BT is in talks with Elon Musk

BT is in talks with Elon Musk

BT is in talks with Elon Musk’s Starlink over a satellite phone and broadband service that could help tackle the plague of so-called rural not spots.

The telecoms giant is testing Starlink equipment at its Adastral Park research centre near Ipswich as it explores ways to deliver connections to hard-to-reach areas.

Mr Musk’s company operates a network of roughly 5,000 satellites, which orbit 350 miles above the earth and beam down signals.

BT has been mulling using the network for broadband services, but bosses are also keen to harness the technology to improve mobile signals.

The former telecoms monopoly has previously signed adhoc deals with Mr Musk’s company outside the UK. However, no formal agreement has yet been reached in Britain.

Should BT sign a direct to mobile deal with Starlink, it may need to secure a special licence from regulator Ofcom.

The talks come amid doubts over the prospects for London-based satellite firm OneWeb, with which BT inked a partnership in 2021.

OneWeb was handed a £400m bailout by the Government during the pandemic amid concerns China could seek to take control of the struggling business

It has since merged with French space company Eutelsat, but the value of the taxpayer’s stake has more than halved because of a slump in its share price.

Starlink this week conducted its first successful test of the satellites to send and receive text messages with unmodified smartphones.

Talks are currently focused on BT’s business offering, allowing the company to deliver mobile and broadband services to remote sites such as oil rigs and mines.

But the technology is also expected to be rolled out to consumers in an effort to plug gaps that traditional cables and masts cannot reach.

The Government has teamed up with mobile operators on a £1bn plan to tackle rural “not spots”.

However, the venture has suffered a major setback after The Telegraph last year revealed that Vodafone, Three and Virgin Media O2 have warned the first stage of the plan will be delayed by up to two years.

BT, which has more mobile masts than its rivals and is contributing to phase one separately, is understood to have hit the initial target of covering 88pc of the UK’s landmass six months ahead of schedule.

Satellite technology is growing in popularity as businesses and consumers look for solutions to connectivity issues.

Meanwhile, around 42,000 UK customers had connected to Starlink’s network at the end of last year, a sharp increase from 13,000 in 2022, according to figures from Ofcom.

Starlink’s hardware, dubbed a “terminal”, can be purchased from around £450, while users pay a monthly charge of £75.

Sources said Mr Musk’s company had been pushing for BT to sell terminals to its customers.
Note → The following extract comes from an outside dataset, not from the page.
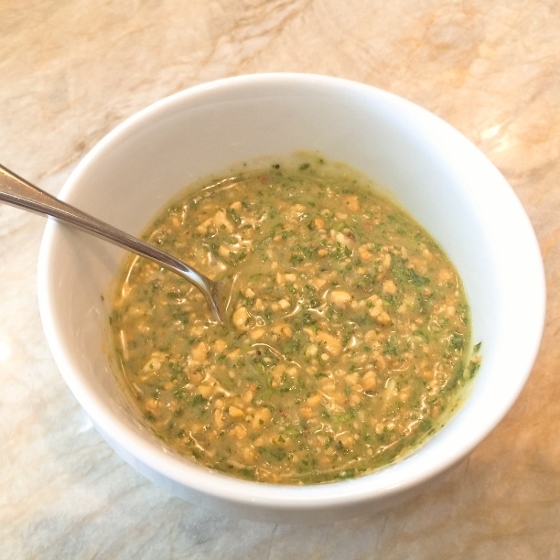 2. Â In a food processor or blender, add all Sauce ingredients, except olive oil and puree for 30 seconds. With the processor running, slowly drizzle in olive oil. Â Place sauce in a bowl and reserve until later.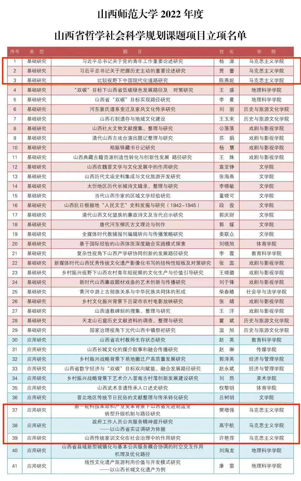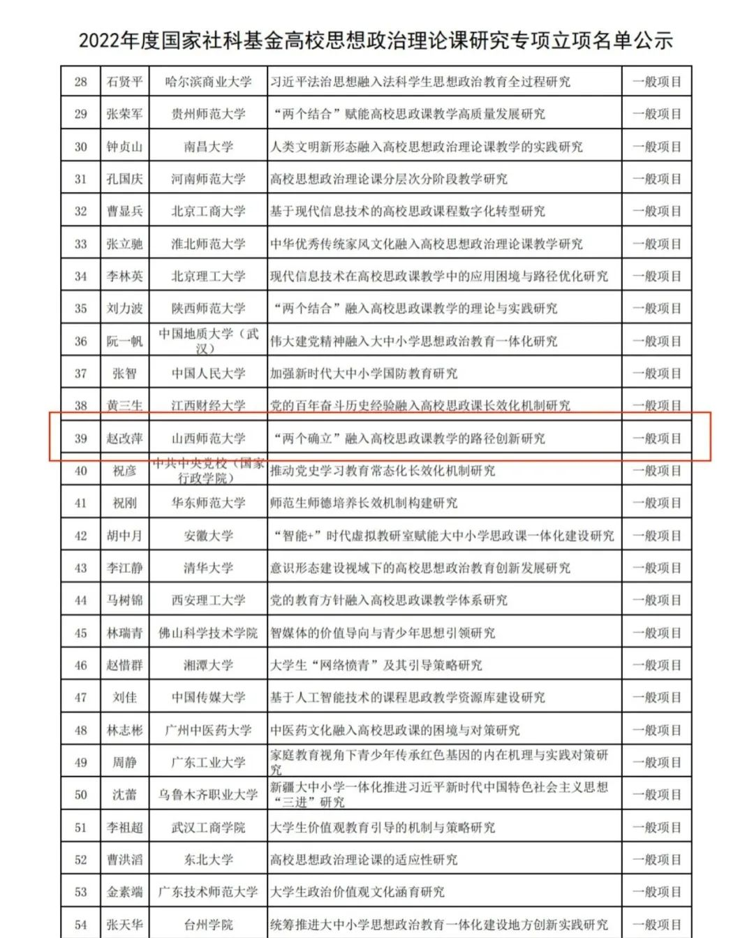 近日,2022年度国家社科基金高校思想政治理论课研究专项立项名单和山西省哲学社会科学规划课题项目评审结果公布。世界杯官网赵改萍副院长的《“两个确立”融入高校思政课教学的路径创新研究》获批国社科高校思政课研究专项一般项目,杨源、贾蕾、陈燕妮、樊增强、高宇航、许艳萍六位老师获批省哲社规划课题基础研究和应用研究项目。

However, it is understood the mobile network operator does not want to become a reseller and would rather use satellite technology to improve its own services.

BT rival Virgin Media O2 has carried out Starlink trials at a remote rural location in Wales, but does not have an ongoing relationship with the company. Vodafone is trialling satellite services with Texas-based AST Space Mobile and Amazon.